Here are ten things I’ve learned in my efforts to run, even though I don’t consider myself a runner:

  1. Mentality over physicality. Deciding to run is infinitely more essential than having the body of an Olympic sprinter. The determination to run, and the confidence that you can, are all you need to start. This mentality can carry you as you develop the physicality.

  2. Set goals. After you’ve made the decision to start running, figure out the details. How often do you want to run? How far? How fast? Is there a certain race you want to run in? Whatever your goals may be, they should be specific, measurable, and challenging yet achievable, according to A Theory of Goal-Setting & Task Performance by psychologists Edwin Locke and Gary Latham. Setting such goals, in turn, will allow you to form plans to achieve them.

  3. Make plans. Decide in advance which days and times you can run to eliminate any potential excuses. Look at a weather report and schedule your runs on the most weather-friendly days, or parts of days. That way, the decision of whether to run or how long to run won’t be swayed by how indecisive or busy you are that day — you’ll have already decided to go, and worked out the rest of your schedule around it.

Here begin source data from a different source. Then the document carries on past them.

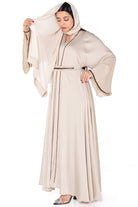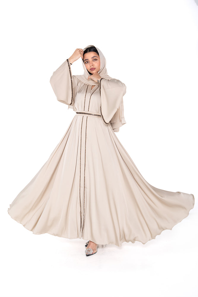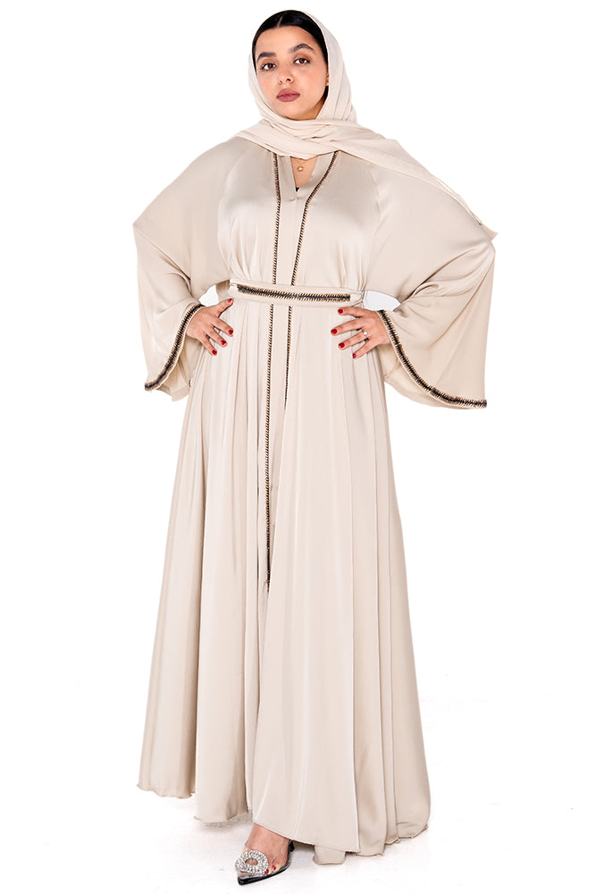 Radiate timeless elegance in the Noor Luxe Abaya, crafted from premium soft Nida fabric in a graceful cream shade. This flowing abaya features structured pleats, wide bell sleeves, and a braided trim along the front and cuffs for a sophisticated finish. The included braided belt offers versatile styling—wear it open for a relaxed silhouette or cinched for a defined waist.
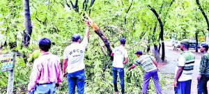 दुर्गापुर. चक्रवाती तूफान रेमाल का असर दुर्गापुर में भी दिखा है. रविवार शाम ही आकाश में घने बादल छा गये और आंधी चलने लगी. तेज हवाओं के साथ बारिश भी होने लगी, जो सोमवार को भी जारी रही. चक्रवात के चलते शहर में आम जनजीवन अस्त-व्यस्त हो गया है. शहर के कई इलाकों में भारी क्षति होने की खबर है. दुर्गापुर स्टेशन बाजार, स्टील टाउनशिप के साथ तटवर्ती इलाकों दामोदर बेराज, मानाग्राम, वारिया, श्यामपुर सहित कई बस्तियों मैं आंधी-पानी के कारण कई मकान क्षतिग्रस्त हो गये हैं. सोमवार सुबह सिटी सेंटर की कोर्ट बिल्डिंग के पास एक पेड़ टूट कर गिर गया, जिससे कोर्ट में आनेवालों को भारी परेशानी झेलनी पड़ी. सूचना पाते ही दुर्गापुर नगर निगम की क्विक रेस्पांस टीम वहां पहुंची और सड़क से पेड़ के हिस्सों को काट कर हटाने में जुट गयी. ऐसी ही स्थिति स्टील टाउनशिप के कई इलाकों में भी रही. डीएसपी नगर प्रशासन विभाग ने राहत कार्य शुरू कर दिया है. वहीं, प्रशासन की ओर से निर्देश है कि चक्रवाती तूफान के समय शहर के लोगों अपने घरों में ही सुरक्षित रहें.
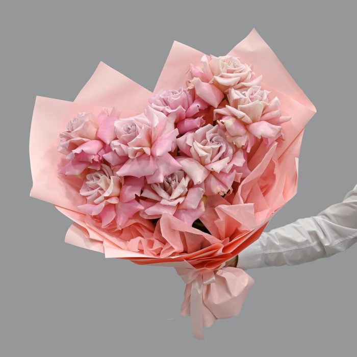 Букет из 9 розовых роз в крафтовой упаковке
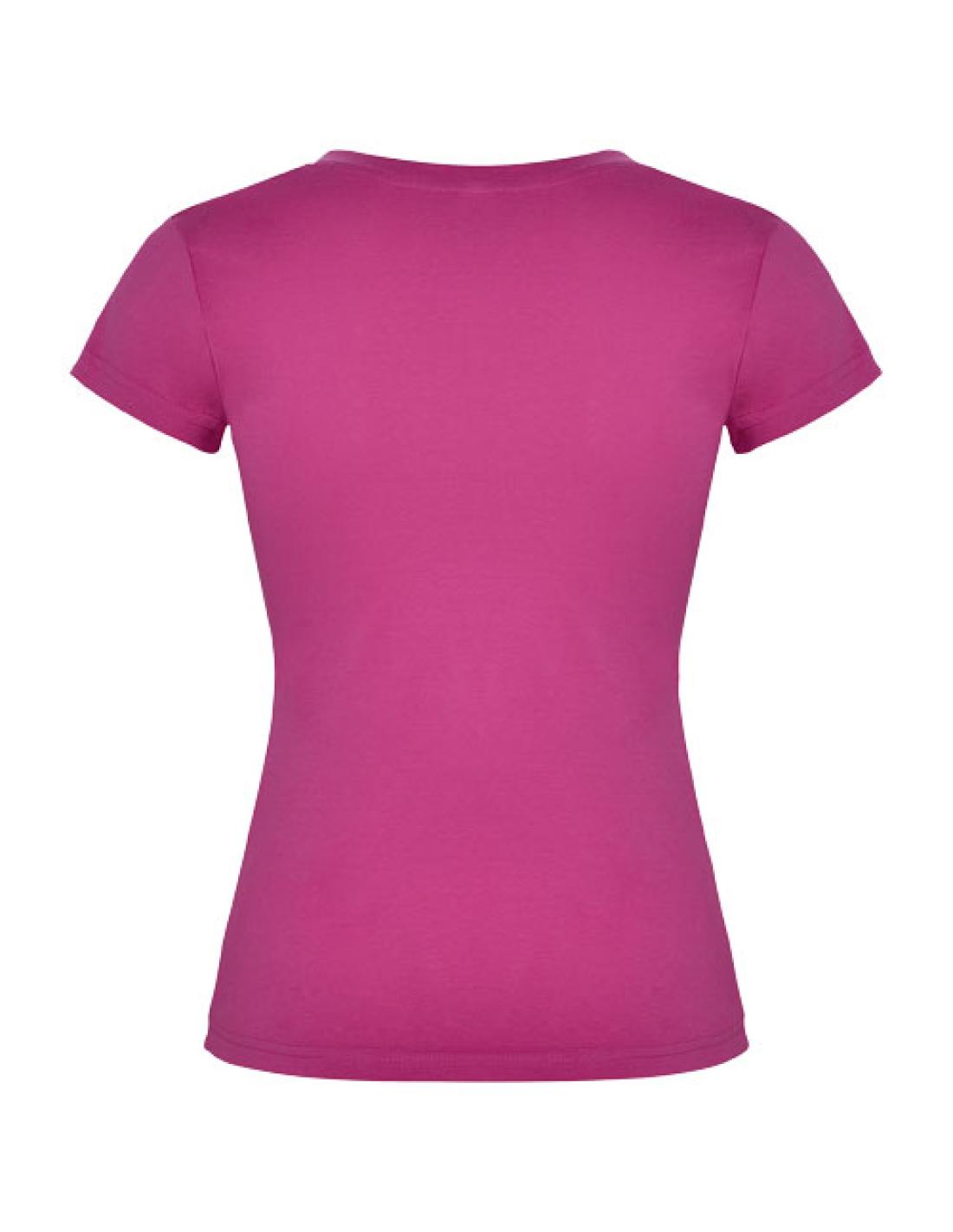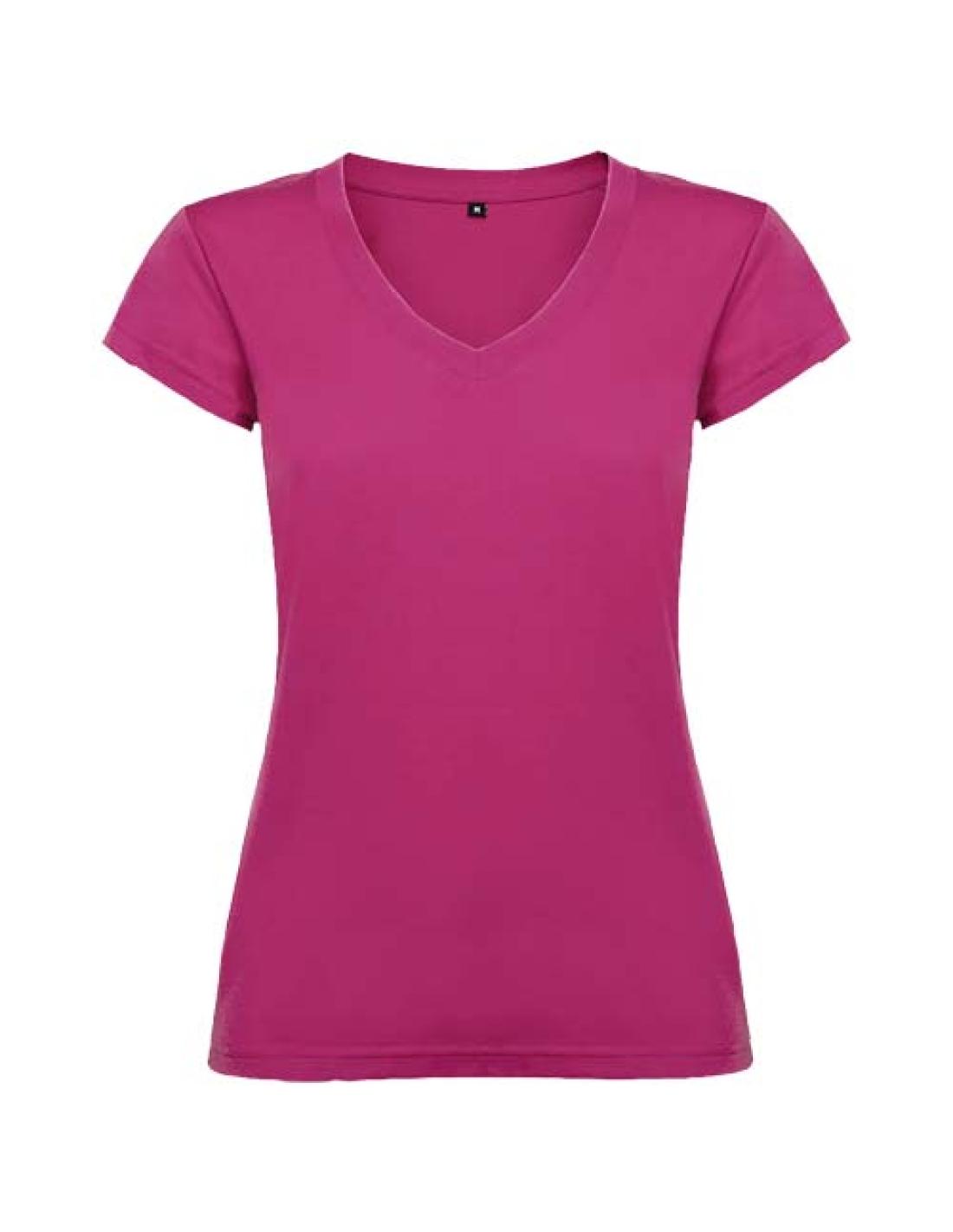 Camiseta de mujer con manga corta, cuello de pico y acabados en ribete de canalé 1x1. Corte entallado con costuras laterales. Etiqueta extraíble. La modelo mide 174 cms y lleva una talla S.
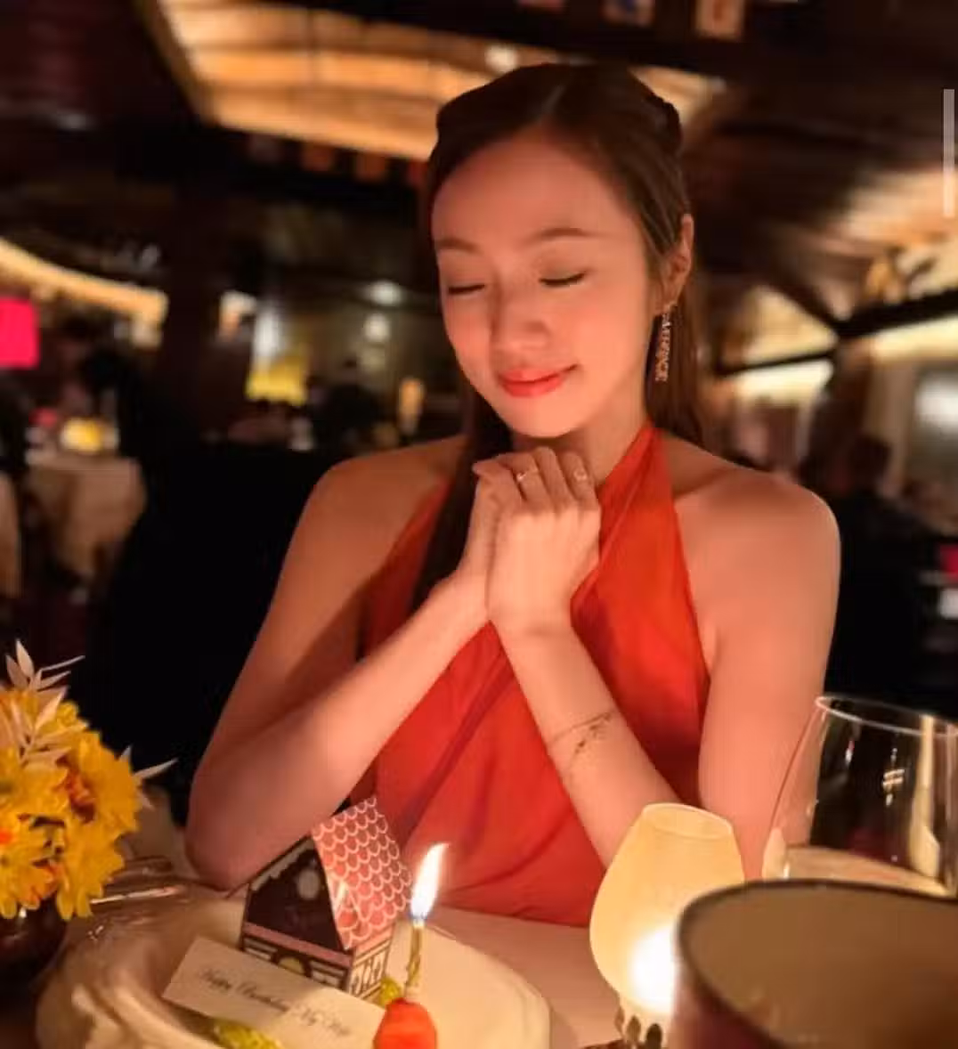 在另一張男友視角照中,見到李思欣對著蛋糕許願,滿臉幸福,對此李思欣當然也不忘發文感謝一下老公的安排,記錄下這美好的一刻。
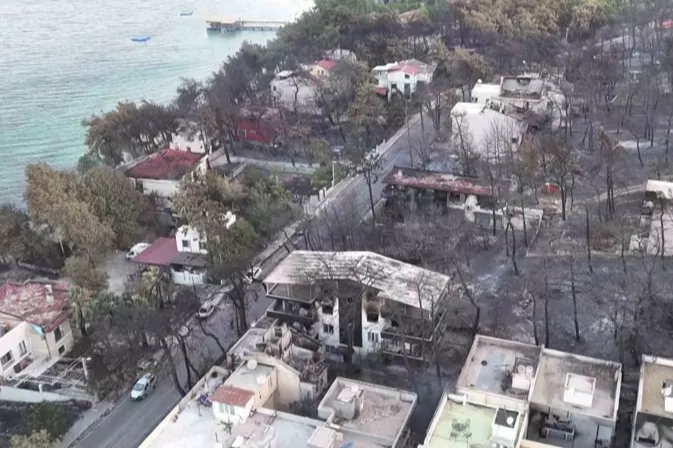 ÇANAKKALE'DE YANAN VİLLALAR SABAHIN İLK IŞIKLARIYLA GÖRÜNTÜLENDİ
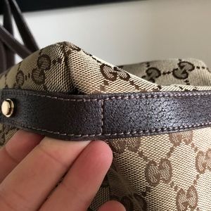 Beautiful Gucci Abbey hobo bag. Brown & tan monogram canvas with brown leather straps and trim. Gold-tone hardware. Dark brown lined interior with zippered pocket. Open top with Gucci snap strap. In excellent condition; well kept. Some slight wear on the leather handle see photo. Approx measurements: 17” length; 9.5” height ; 5” width. Priced for Authentication.
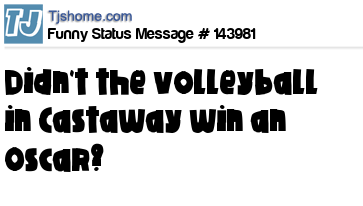 - # 143976 Jennifer Aniston's acting has the emotional range of the volleyball in Castaway.
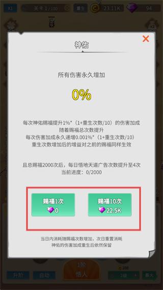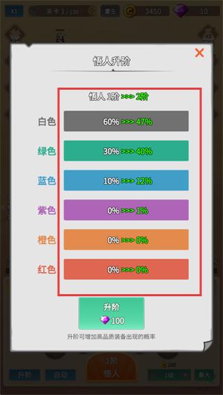 1、可进行悟人升阶,消耗100钻石,升阶后白色、绿色等品质装备出现概率提升,助力角色成长,在Roguelike冒险中更易获得高品装备。
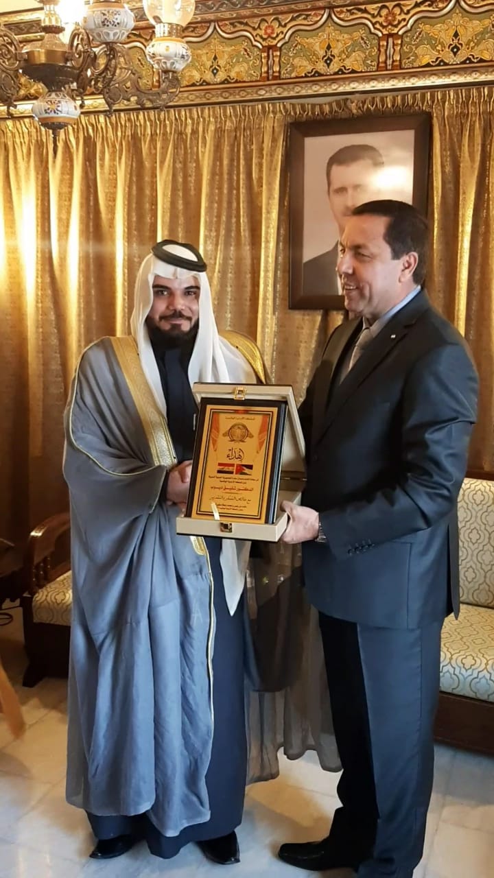 وقام رئيس الوفد بتقديم درع تذكاري باسم الرابطة تكريما وتقديرا للجمهورية العربية السورية قائدا وجيشا وحكومة وشعب تقديرا لمواقفهم القومية والقضاء على الارهاب .
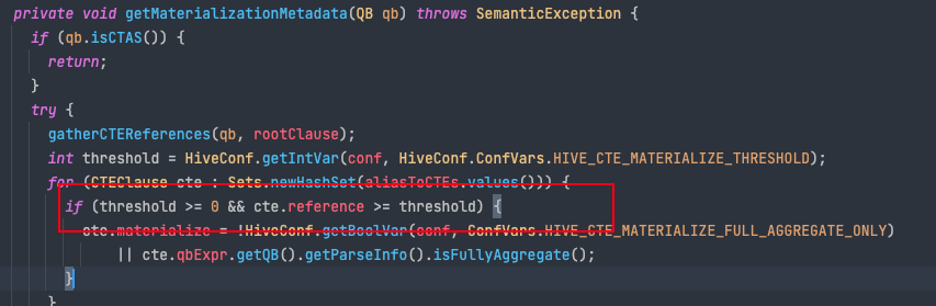 由于 with...as...等同于一个 SQL 片段,下文中会多次引用该片段的别名,相当于视图的味道。所以,这里面使用是一个虚拟的概念,实际上只是逻辑生效,实际运行是则是翻译成实际的 MR 逻辑去执行,如果下游引用该 SQL 片段较多,这时候 MR 执行会多次扫描原始数据,执行多次相同的 MR 操作逻辑,此时,就可以在第一次执行中来物化 CTE 写法中定义的 SQL 片段,从而达到优化的目的。在 hive 之前的版本中,该功能是默认关闭的,可以通过下面参数来开启,在新的 hive 版本中,该功能是默认开启,但是默认引用次数是 3 次。
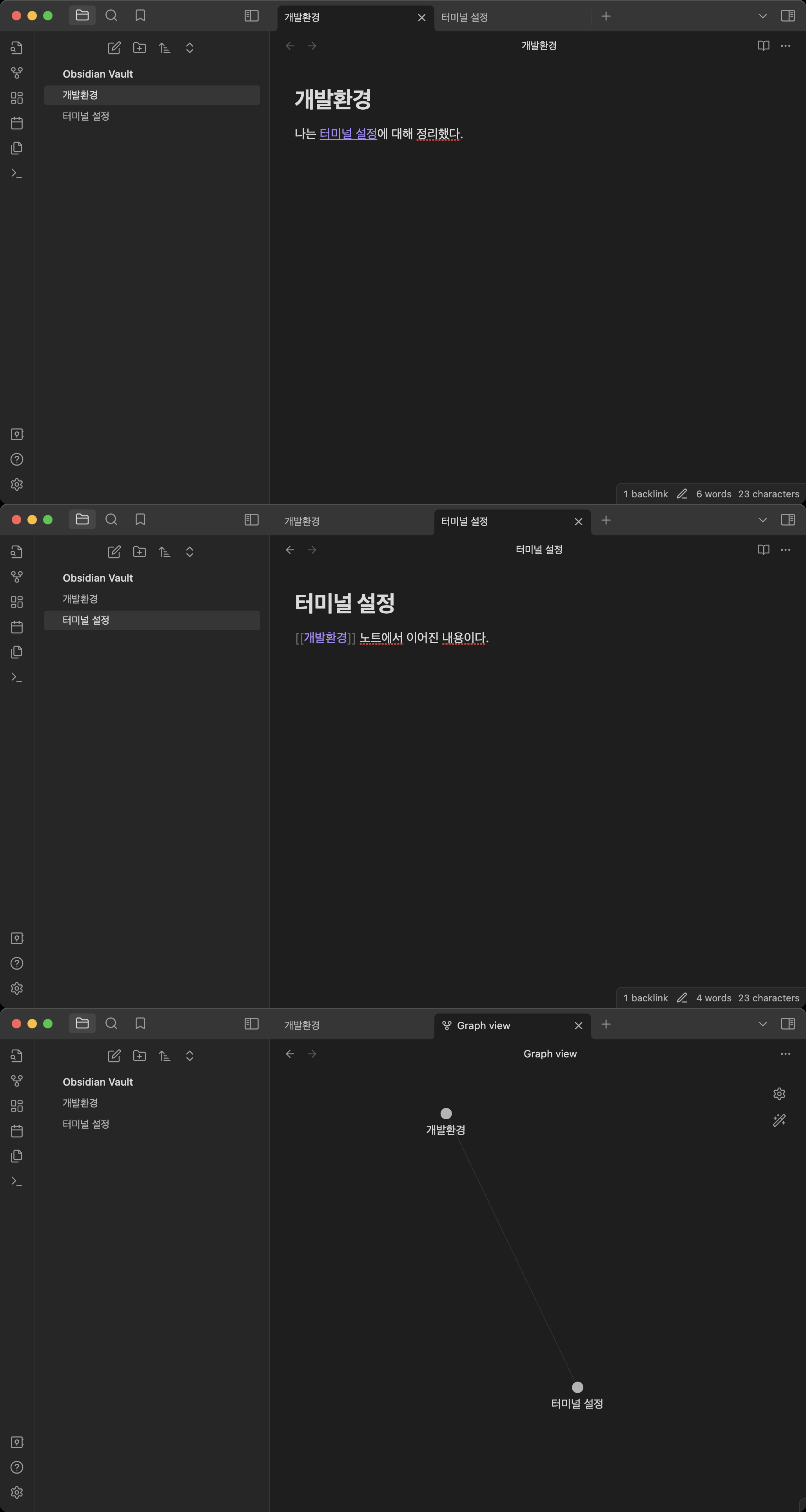 이로써 사용자의 지식 저장소가 하나의 디렉토리로 생성되며, 그 안의 모든 마크다운 파일은 자유롭게 생성, 편집, 링크할 수 있다.

  4. Make it a habit. According to New York Times writer Charles Duhigg’s Warning: Habits May Be Good for You, habits may be prompted by certain cues, like time of day, people, or series of actions. If you always go for runs at a certain time of day, with a certain person, or before eating a particular meal, for example, that cue on its own may start to motivate you, thus eliminating the mental struggle of whether or when to go.

  5. Don’t go big or go home. Better to modify a run—running a shorter distance or at a slower pace than you had originally intended—than to skip it altogether. As helpful as it can be to schedule runs in advance, it’s hard to anticipate how quickly your muscles will recover from a previous run, and last-minute changes in plans happen. If you had scheduled to run five miles, but later can only run three, still try to go for the three.

  6. Elicit support. Friends and family who honor and encourage your goals are a great source of motivation. If you know people who run or want to start running, go together. If you don’t, there are running clubs that arrange runs with groups for people who want to run different distances and different speeds. This will give you additional accountability to stick to your running goals.

  7. Forge your own journey. As fun and motivational as it can be to run with others, companions who run too far or too fast (or not far enough or too slow) can discourage (or prevent) your own personal growth. Stick to your own challenging yet achievable goals, even if it means forgoing companions.

  8. Make it fun. Find colorful sneakers, upbeat music, a scenic route—anything that will get you more excited about running, and help you enjoy the run more in the process. Explore your town and nearby areas for the best routes. Get yummy protein-infused and electrolyte-infused foods and drinks to refuel with after running.

  9. Track stats. After each run, take note of how far or fast you ran. This will allow you to determine whether or how much you’re improving, and consequently whether your goals and plan need adjusting. You could do this manually, or you could use a technological tool, like the app Runkeeper. While running, the app voices how long, far, and fast you’re going, as well as mapping your path, marking splits, graphing elevation and steps, among other things.

  10. Celebrate progress. Once you run the frequency, distance, or pace you’d like to, complete your race, or otherwise meet your goals, congratulate yourself! Set new goals and run with them.